Collected material below:

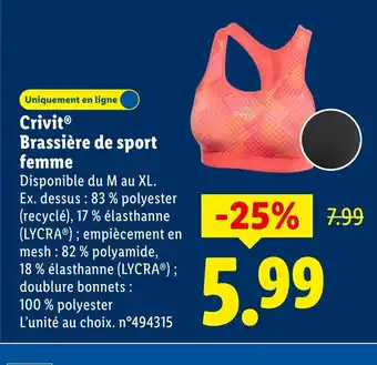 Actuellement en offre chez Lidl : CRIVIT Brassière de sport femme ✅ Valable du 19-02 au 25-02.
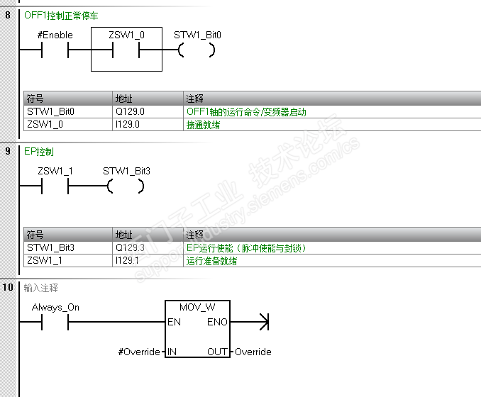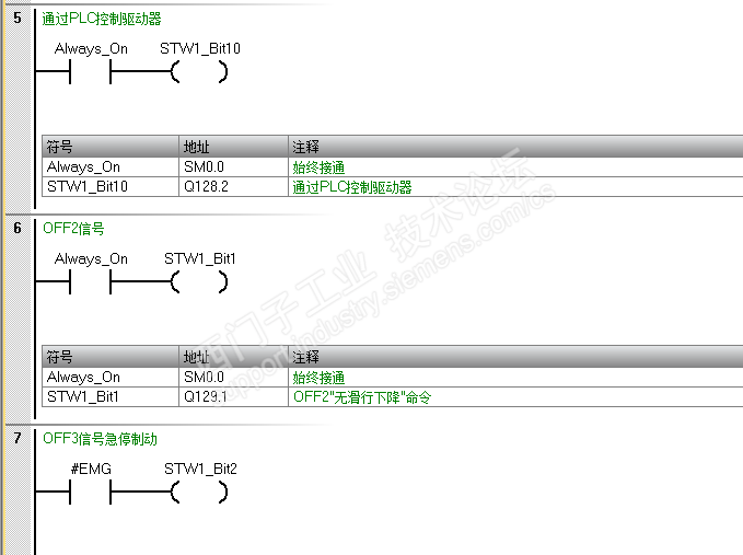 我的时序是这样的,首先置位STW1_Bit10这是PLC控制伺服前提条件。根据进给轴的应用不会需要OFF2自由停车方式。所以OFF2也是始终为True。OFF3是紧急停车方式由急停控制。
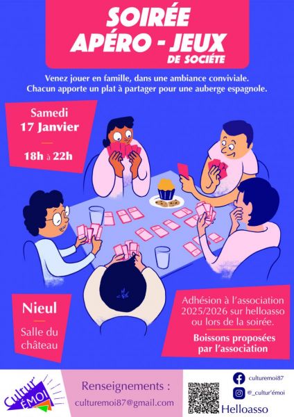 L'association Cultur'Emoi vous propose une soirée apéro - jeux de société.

End of Collected material.

▸ Activity
The data above should be restated exactly, with its images dropped.

▸ Worked solution
 Actuellement en offre chez Lidl : CRIVIT Brassière de sport femme ✅ Valable du 19-02 au 25-02.
 我的时序是这样的,首先置位STW1_Bit10这是PLC控制伺服前提条件。根据进给轴的应用不会需要OFF2自由停车方式。所以OFF2也是始终为True。OFF3是紧急停车方式由急停控制。
 L'association Cultur'Emoi vous propose une soirée apéro - jeux de société.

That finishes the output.